PROBLEM REQUIREMENTS:
Could the lines from the top of the material to the line that contains "This is the" be retyped exactly, both included and pictures omitted?

DATA EXTRACT START

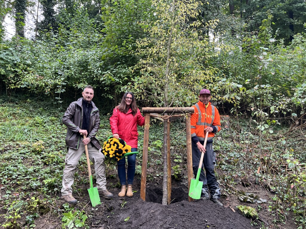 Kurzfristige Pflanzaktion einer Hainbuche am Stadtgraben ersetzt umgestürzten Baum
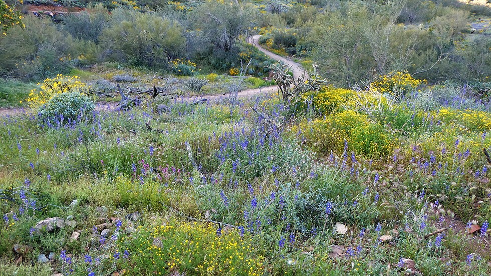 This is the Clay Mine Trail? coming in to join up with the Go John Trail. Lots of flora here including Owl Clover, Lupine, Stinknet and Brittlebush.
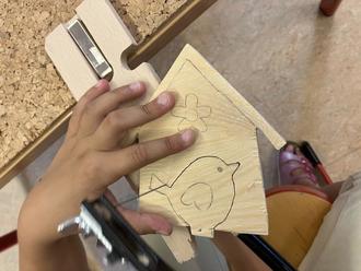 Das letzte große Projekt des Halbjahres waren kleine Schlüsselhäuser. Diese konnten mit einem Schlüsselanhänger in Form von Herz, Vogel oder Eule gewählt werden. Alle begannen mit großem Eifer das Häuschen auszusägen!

DATA EXTRACT END

RESULT OF THIS EXERCISE:
 Kurzfristige Pflanzaktion einer Hainbuche am Stadtgraben ersetzt umgestürzten Baum
 This is the Clay Mine Trail? coming in to join up with the Go John Trail. Lots of flora here including Owl Clover, Lupine, Stinknet and Brittlebush.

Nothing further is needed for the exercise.